Group rides seem to be a good idea many people on this thread have mentioned so I will let ok into that. I know Silverstone circuit (which is only a couple miles from me) put on cycling sessions around the circuit sometimes maybe I’ll do them.

Thanks again it’s good to hear other people experiences!


----------



## vickster (23 Mar 2018)

A group ride isn’t just a ride around a racing circuit 

I think as said upthread 30 miles a week won’t make you a stronger or faster cyclist, Zwift might get you fitter but it is very unlikely to make you faster on the roads. A lighter bike on slick tyres might help a bit, I’m pretty much the same on any bike tho, probably because I ride the same heavily trafficked roads

Avoiding anywhere with traffic, lights, junctions is also key to getting a higher average speed. Go out early or late when there’s less traffic

Seriously, try a club, go out with a 15mph group that has a no drop rule. I’m sure somewhere locally there’ll be a ride going out early on Sat or Sun. Get the bike off the turbo and try (look up the basics of group riding first tho)


----------



## I like Skol (23 Mar 2018)

I really can't over emphasise the effect of riding in a group for helping you increase your speed & distances. It isn't just the drag of being in other's slip stream but the atmosphere of the group ride that pulls you along mentally. The distraction of talking to other riders, watching how other riders ride, passing & being passed and focussing on other riders position in relation to you just takes your mind of the speed, distance and tiredness that normally fills your mind and stops you performing at your best.

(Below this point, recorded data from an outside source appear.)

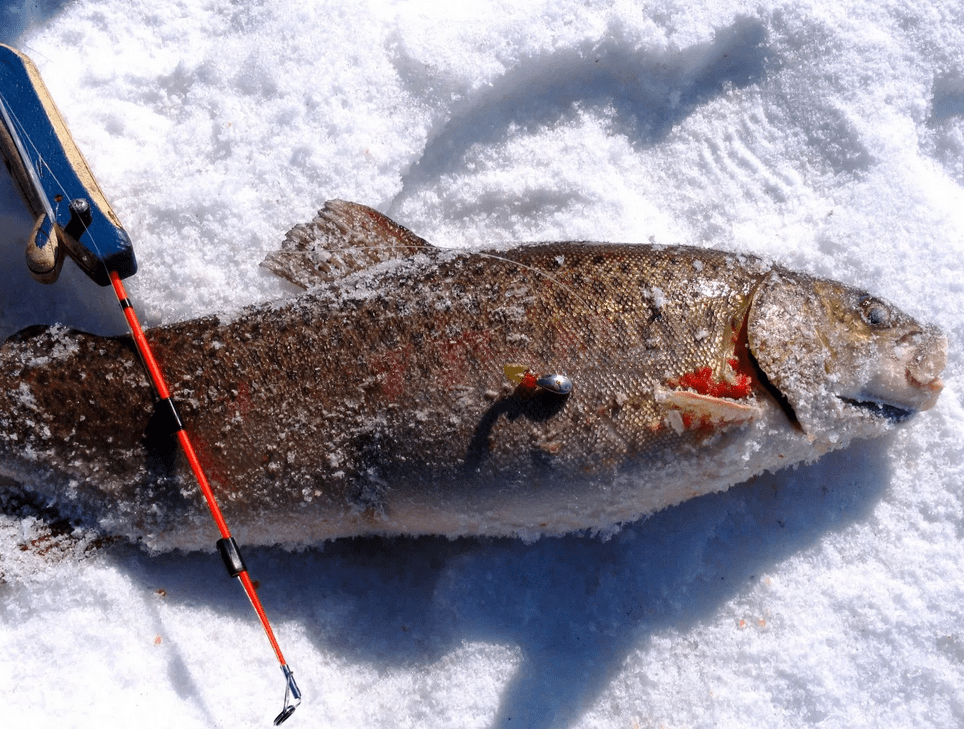 Наилучшей наживкой при зимней ловле ленка считается заготовленный с осени червь. В качестве дополнительной приманки можно к цевью крючка привязать небольшой кусочек ярко-красной нити. Этот цвет рыба увидит на большом расстоянии.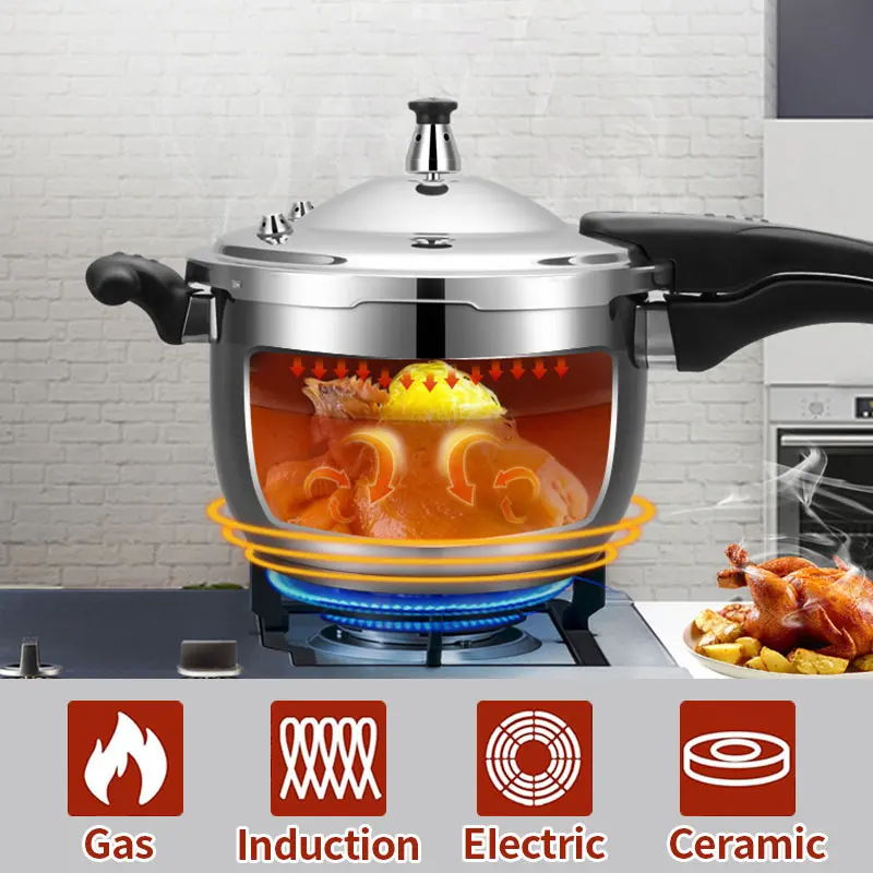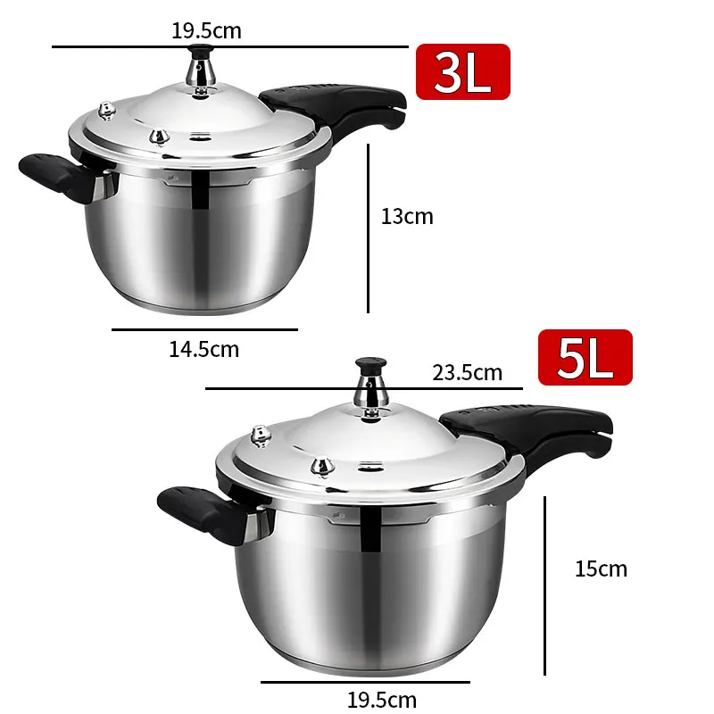 3L/5L Kitchen Pressure Cooker Stainless Steel Fast Cooking Pot Compatible With Gas and Induction Cooker Outdoor Camping Cookware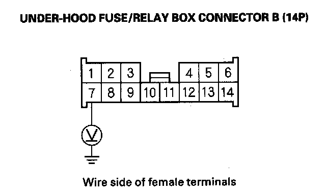 8. Measure the voltage between under-hood fuse/relay box connector terminal B7 and body ground.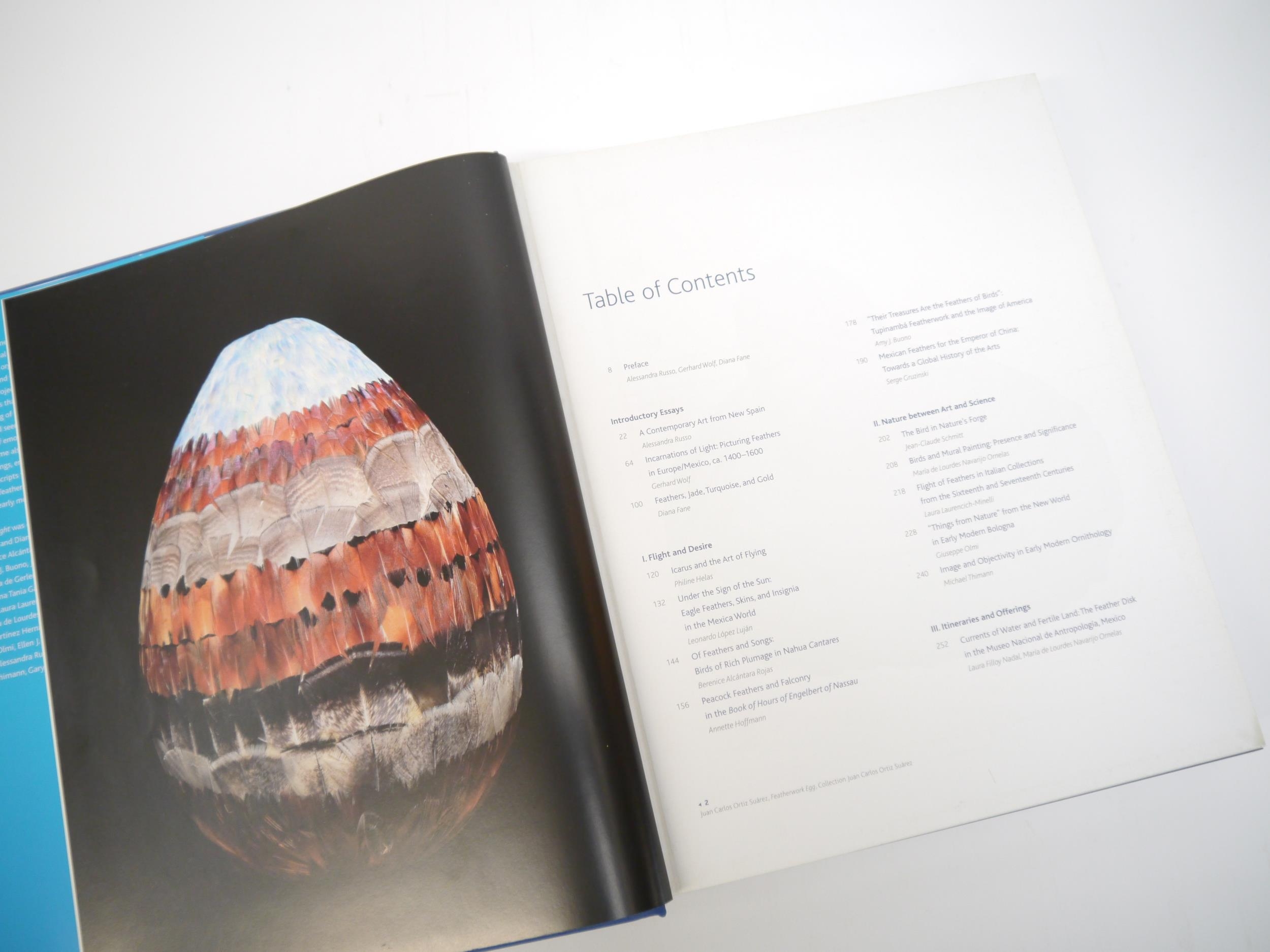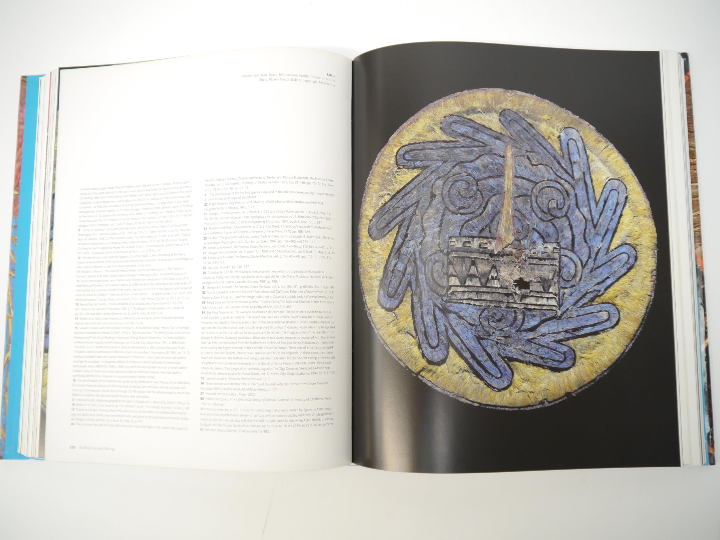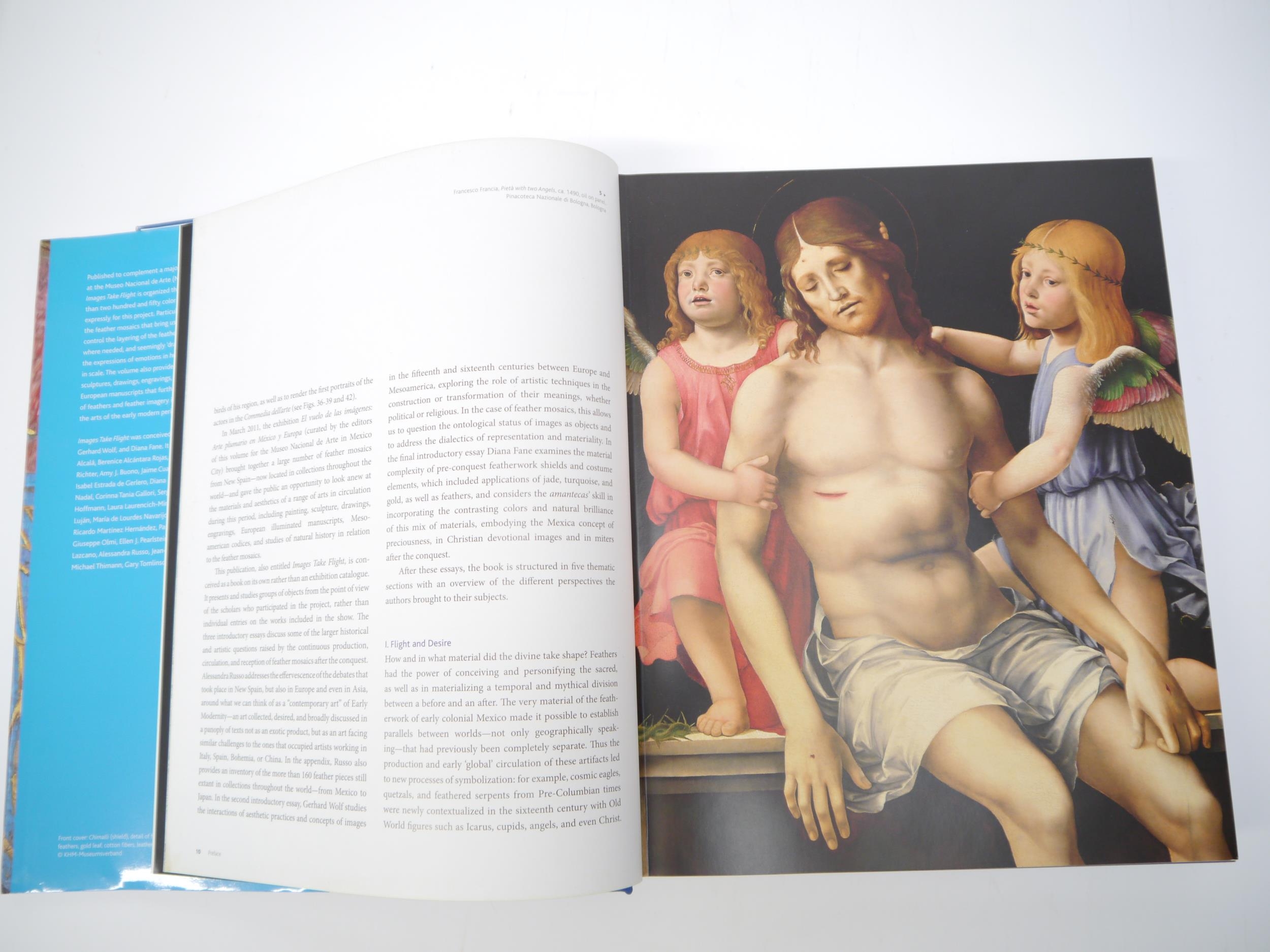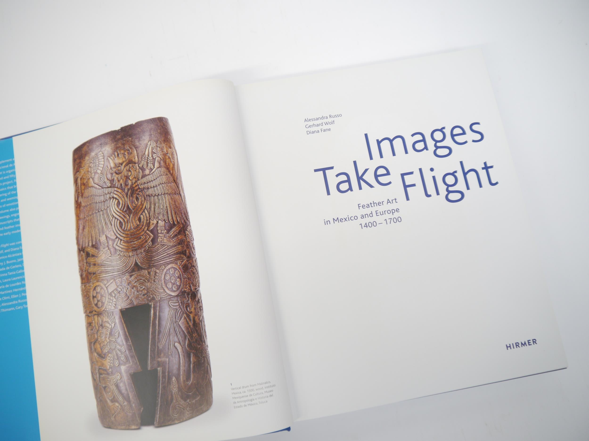 Alessandra Russo, Gerhard Wolf, Diana Fane et al: 'Images Take Flight: Feather Art in Mexico and Europe 1400-1700', Munich, Hirmer, [2015], 1st edition, 480pp, profusely colour illustrated throughout, 4to, original cloth gilt, dust wrapper. A scholarly and visually magnificent multi-authored work that reveals how feathers, birds, and images of flight became defining signifiers within art, thinking, and history during the geographical expansion of Europe into the Americas from the fifteenth through the eighteenth centuries. Among the Prehispanic Mexica (commonly known as the Aztec), representations of feathers were ubiquitous in pictorial and sculptural art to indicate hybrid beings or conceptual ideas. The Mexica also had feather artists, known as amantecas in Nahuatl, who used actual feathers in complex visual compositions on shields, headdresses, or clothing. These Pre-Columbian feather mosaics, and ones the Mexica amantecas continued to make into the eighteenth century, were the catalyst for a changing view of feathers, flight, and representation, and they are the central, recurring focus of the entire book. Scarce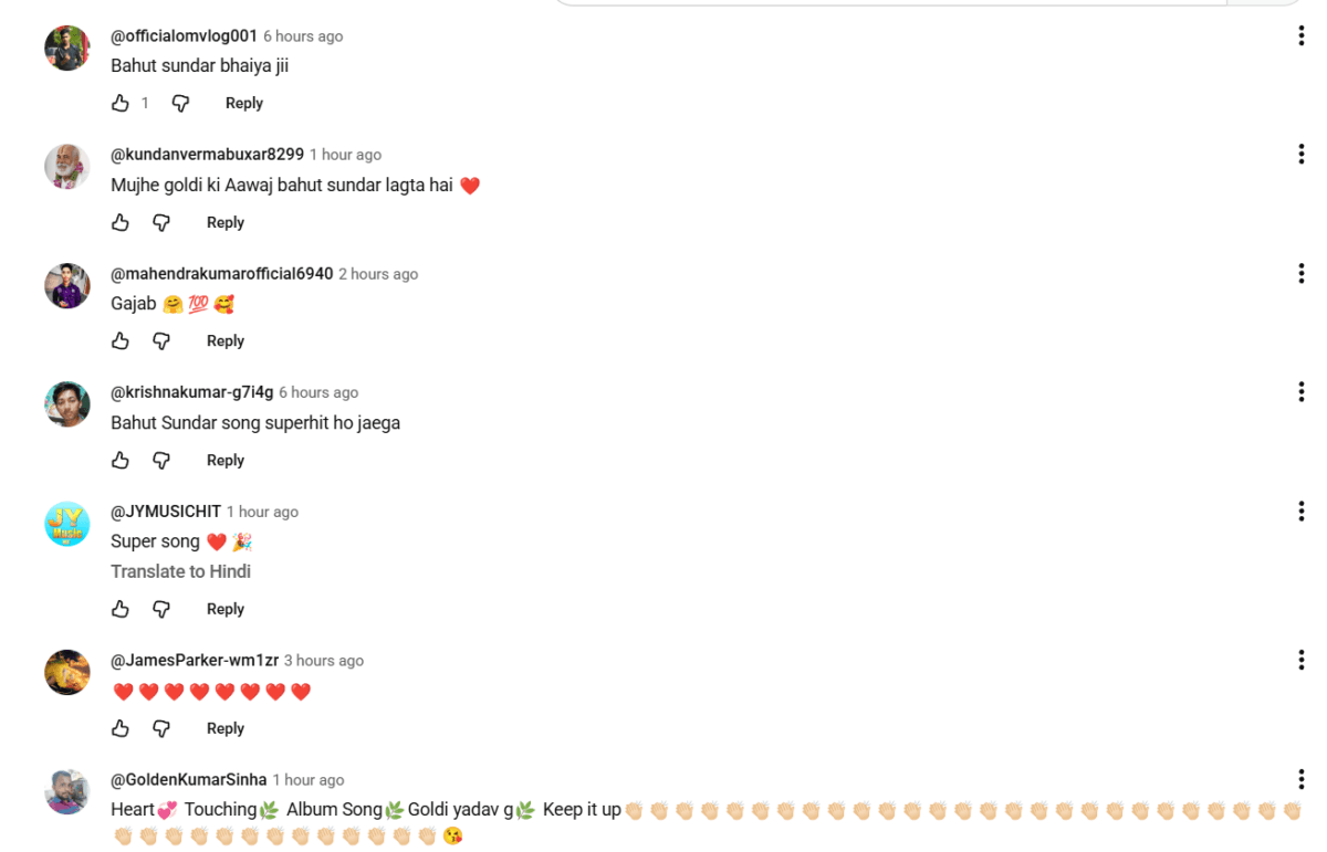 इस गाने के रिलीज होते ही सोशल मीडिया पर कमेंट्स की झड़ी लग गई है और लोग गोल्डी यादव की जमकर तारीफ कर रहे हैं. कमेंट सेक्शन में कुंदन वर्मा नाम के यूजर ने लिखा कि मुझे गोल्डी की आवाज बहुत प्यारी लगती है, वहीं कृष्ण कुमार ने लिखा कि यह गाना पक्का सुपरहिट होगा. गोल्डन कुमार सिन्हा ने दिल को छू लेने वाला गाना बताया है, तो महेंद्र कुमार और ऑफिशियल ओम ब्लॉग जैसे कई यूजर ने गजब और बहुत सुंदर लिखकर अपना प्यार लुटाया है.
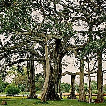 The banyan tree spreads its canopy across 19,107 square meters with numerous aerial roots extending downward from branches to form additional trunks.
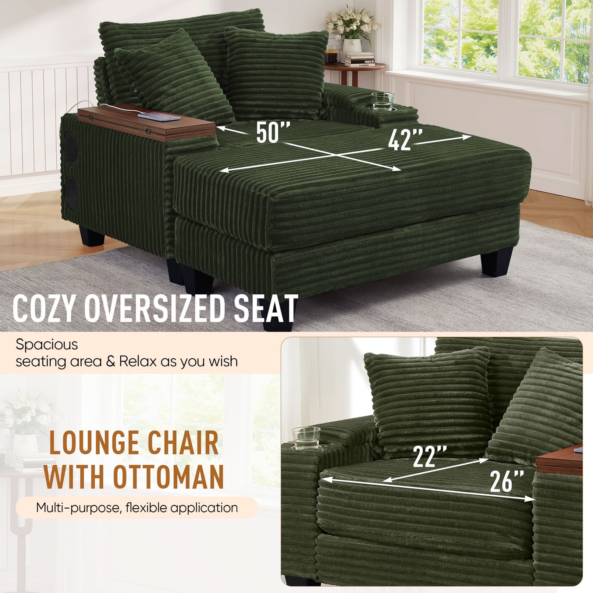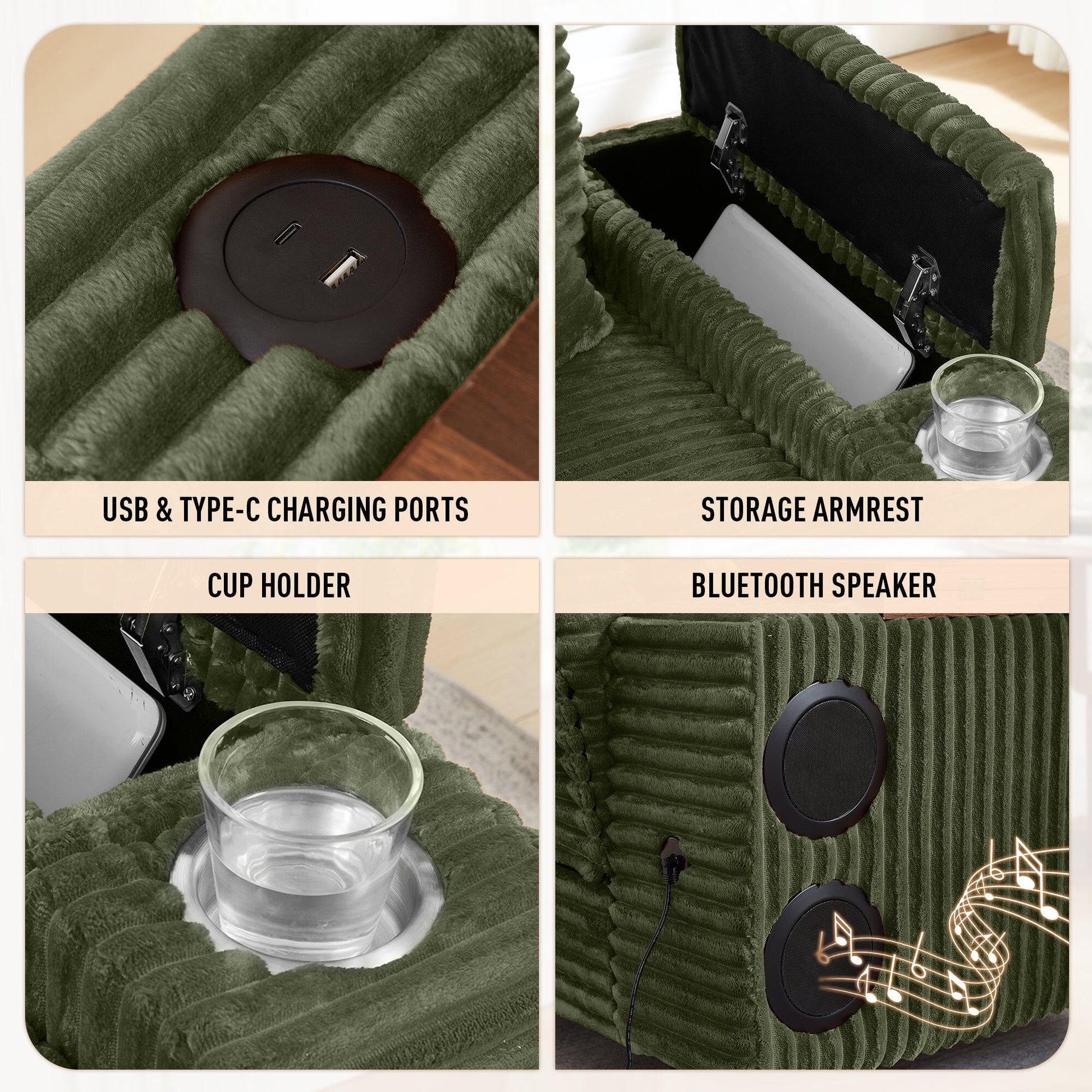 Experience ultimate comfort and practicality with this multifunctional lounge sofa chair, designed for modern living. Upholstered in luxurious corduroy for softness and durability, it includes a ottoman that doubles as a footrest, extra seating, or a table. It is equipped with a Bluetooth speaker, allowing you to listen to music anytime while enjoying the comfortable chair. The built-in swivel table on the armrest easily rotates for use as a desk or tray. Stay organized with discreet storage under the armrest, and enjoy added convenience like a USB port, and a cup holder to keep drinks secure. Perfect for any room, this sofa combines elegant design with everyday functionality—making it the ideal choice for relaxation and smart living.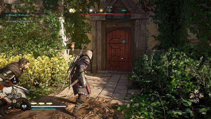 If you want to get inside the cathedral quietly, simply break the red side door together with Basim.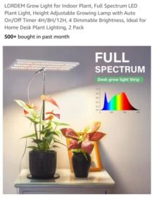 DOMMIA Grow Lights, 40W Linkable Grow Lights for Indoor Plants Full Spectrum, 6/12/16h Timer, Dimmable Ultra-Thin Plant Lights for Indoor Growing, Pinkish White, 1-Set · LED Grow Light Strips, 13 Inches Grow Lights for Indoor Plants Full Spectrum 3500K, 96 LEDs Plant Light with 3/9/12H Timer, 10 Dimmable Levels for Seedling Succulent, 2 Head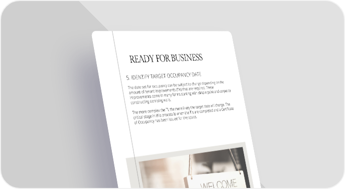 READY FOR BUSINESS 5. IDENTIFY TARGET OCCUPANCY DATE The date set for occupancy can be subject to change depending on the amount of tenant improvements (TIs) that are required. These improvements come in many forms starting with simple paint and carpet to constructing demising walls. The more complex the TI, the more likely the target date will change. The critical stage in this process is when the TIs are completed and a Certificate of Occupancy has been issued for the space. 6. MOVE IN Once everything is ready, the fun part begins.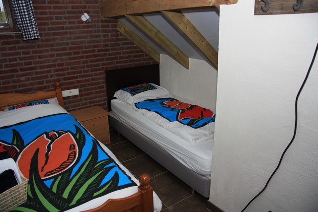 Trekkershuisje 2 is gebaseerd op trekkershuisje 1 echter heeft dit huisje twee éénpersoons bedden.

Go out and ride a 100 miles on your own and it is a huge distance! Go out and ride that with a large group or on one of the charity/sportive type events and the day just flies by and before you know it you are at the end of a great day and 'how did that happen?' 100 miles under your belt.


----------



## mgs315 (23 Mar 2018)

Here here for group riding. Going with a group that may appear to go pretty quick isn’t actually as daunting as it seems once you start pedalling. Especially if the group is seen as one of the entry level groups as it’ll cater for a wider ability set of riders. This will help a lot if you aren’t too strong at climbing too as they’ll hang about or assist you up those hills. Also on the flat you’ll be surprised how easier it can be to keep up if you’re sheltered in the wind.

Whilst I can find a blast of 25-30 miles at 15mph or so solo pretty damn knackering, the same distance and pace is vaguely noticeable when sheltering in a group having a chat. Even more so when it’s windy out! 

It’s also when I’m after a bang for buck session I prefer to go solo as I can knacker myself quicker!


----------



## Lozi (23 Mar 2018)

You say 30 miles a week (I do more than that now) won’t make you a stronger or faster cyclist but I was definitely stronger and faster after doing that for 6 months. Obviously if I spent 1000’s on a new bike etc I would be moving faster but I personally wouldn’t be faster the bike would.

I wasn’t really much faster last time I rode my road bike for some reason but I expect that to be different now.

The race circuit ride is not a race it is just a few hours of fun for people without traffic so I think that would be pretty good. What worries me about the clubs is I don’t wear all the gear and they all do I guess, I don’t even wear a helmet currently so I’d probably have to buy one (I know this splits opinion)


----------



## si_c (23 Mar 2018)

Lozi said:


> You say 30 miles a week (I do more than that now) won’t make you a stronger or faster cyclist but I was definitely stronger and faster after doing that for 6 months. Obviously if I spent 1000’s on a new bike etc I would be moving faster but I personally wouldn’t be faster the bike would.



Pretty much. This is a problem with any sport where equipment makes a tangible difference.



> I wasn’t really much faster last time I rode my road bike for some reason but I expect that to be different now.



Keep in mind that when changing from one bike to another, or adjusting your position on the bike, it will take some time to adapt and to gain the confidence you had before again - this could result in a loss of speed. I wasn't massively quicker moving from an MTB to a road bike, in part because my position was relatively aggressive to start with.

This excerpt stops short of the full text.